Die Position des massereichen
Sternentstehungsgebiets Sagittarius B2 in der
Nähe der zentralen Quelle unserer Milchstraße,
Sgr A*. Das Hintergrundbild stammt aus einer
Kartierung der galaktischen Ebene mit den
Effelsberg- und VLA-Radioteleskopen (GLOSTAR) und
zeigt Radioquellen im Bereich des galaktischen
Zentrums. Die Isomere Propanol und Iso-Propanol
wurden beide durch Beobachtungen mit dem
ALMA-Teleskop in Sagittarius B2 nachgewiesen.
Bild: GLOSTAR-Kollaboration
(Hintergrundbild). Wikipedia/Public Domain
(Molekülmodelle) [Großansicht] |
Die Suche nach Molekülen im Weltraum erfolgt bereits seit mehr als 50 Jahren.

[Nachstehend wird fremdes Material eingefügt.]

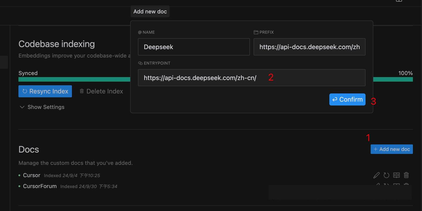 按照如下操作,先點(diǎn)擊Add new doc 開始添加一個(gè)新的文檔,然后將你要添加的文檔粘貼到2的位置并回車,Cursor會(huì)自動(dòng)解析你粘貼進(jìn)來的網(wǎng)址得到前綴和名字。然后點(diǎn)擊confirm完成添加。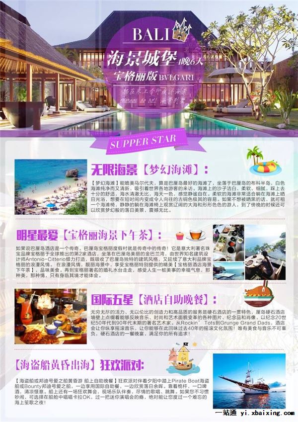 ★如果说巴厘岛酒店是一个传奇,巴厘岛宝格丽度假村就是传奇中的传奇!它是意大利著名珠宝品牌宝格丽于全球推出的第2家酒店,坐落在巴厘岛美丽的金巴兰湾,由世界知名建筑设计师Antonio-Citterio倾力打造,既吸收了巴厘岛独特的建筑风格,又延续了意大利品牌宝格丽的浪漫风情。 在浪漫风情,靓丽海景中,享受宝格丽特别提供的精美【宝格丽酒店海景下午茶】,品味美食。再到宝格丽著名的婚礼水台走走,感受人生一桩美事的幸福气息,那种美,那种情,只有身临其境才能体会。

Bis heute konnten Forschende 276 Moleküle im interstellaren Medium
identifizieren. Die Kölner Datenbank für Molekülspektroskopie (CDMS) präsentiert
spektroskopische Daten zum Nachweis dieser Moleküle, die von vielen
Forschungsgruppen beigesteuert wurden, und hat in vielen Fällen zur
Identifikation dieser Moleküle beigetragen. Ziel der jetzt vorgestellt Studie
war es zu verstehen, wie sich organische Moleküle im interstellaren Medium
bilden, insbesondere in Regionen, in denen neue Sterne geboren werden, und wie
komplex diese Moleküle sein können.
Eine Motivation dahinter ist, Verbindungen zur chemischen Zusammensetzung von
Körpern im Sonnensystem wie Kometen herzustellen, wie sie zum Beispiel die
Rosetta-Mission zum Kometen 67P/Churyumov-Gerasimenko vor einigen Jahren
geliefert hat. Eine besonders geeignete Sternentstehungsregion in unserer
Galaxis, in der in der Vergangenheit bereits viele Moleküle nachgewiesen werden
konnten, ist Sagittarius B2 (Sgr B2), ganz in der Nähe von Sgr A* dem
supermassereichen Schwarzen Loch im Zentrum der Milchstraße.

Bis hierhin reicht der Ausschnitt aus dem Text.